Step 1

Green theorem (Outward flux):

\(\displaystyle\oint_{{C}}{F}.{n}{d}{s}=\int\int_{{R}}{\left(\frac{{\partial{M}}}{{\partial{x}}}+\frac{{\partial{N}}}{{\partial{y}}}\right)}{d}{x}{\left.{d}{y}\right.}\)

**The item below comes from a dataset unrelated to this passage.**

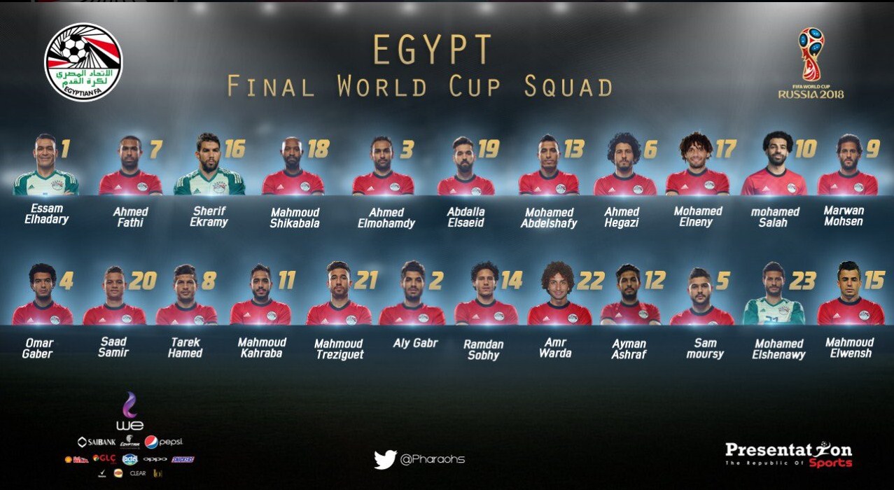Kombëtarja e Egjiptit ka publikuar listën zyrtare për Kampionatin Botëror.

Green's theorem (circulation form):

\(\displaystyle\oint_{{C}}{F}.{d}{r}=\int\int_{{R}}{\left(\frac{{\partial{N}}}{{\partial{x}}}-\frac{{\partial{M}}}{{\partial{y}}}\right)}{d}{x}{\left.{d}{y}\right.}\)

Step 2

Given that,

\(F=(x−y)i+(y−x)j\)

Step 3

Evaluate

Outward flux:

\(\displaystyle\oint_{{C}}{F}.{n}{d}{s}=\int\int_{{R}}{\left(\frac{{\partial{M}}}{{\partial{x}}}+\frac{{\partial{N}}}{{\partial{y}}}\right)}{d}{x}{\left.{d}{y}\right.}\)

\(\displaystyle={\int_{{0}}^{{1}}}{\int_{{0}}^{{1}}}{\left(\frac{\partial}{{\partial{x}}}{\left({x}-{y}\right)}+\frac{\partial}{{\partial{y}}}{\left({y}-{x}\right)}\right)}{d}{x}{\left.{d}{y}\right.}\)

\(\displaystyle={\int_{{0}}^{{1}}}{\int_{{0}}^{{1}}}{\left({1}+{1}\right)}{d}{x}{\left.{d}{y}\right.}\)

\(\displaystyle={2}{\int_{{0}}^{{1}}}{\left.{d}{x}\right.}{\int_{{0}}^{{1}}}{\left.{d}{y}\right.}\)

\(\displaystyle={2}{{\left({x}\right)}_{{0}}^{{1}}}{{\left({y}\right)}_{{0}}^{{1}}}\)

\(=2\)

Hence outward flux is 2.

Step 4

Evaluate

Counterclockwise Circulation:

\(\displaystyle\oint_{{C}}{F}.{d}{r}=\int\int_{{R}}{\left(\frac{{\partial{N}}}{{\partial{x}}}-\frac{{\partial{M}}}{{\partial{y}}}\right)}{d}{x}{\left.{d}{y}\right.}\)

\(\displaystyle={\int_{{0}}^{{1}}}{\int_{{0}}^{{1}}}{\left(\frac{\partial}{{\partial{x}}}{\left({y}-{x}\right)}-\frac{\partial}{{\partial{y}}}{\left({x}-{y}\right)}\right)}{d}{x}{\left.{d}{y}\right.}\)

\(\displaystyle={\int_{{0}}^{{1}}}{\int_{{0}}^{{1}}}{\left(-{1}+{1}\right)}{d}{x}{\left.{d}{y}\right.}\)

\(=0\)

Hence Counterclockwise Circulation: is 0.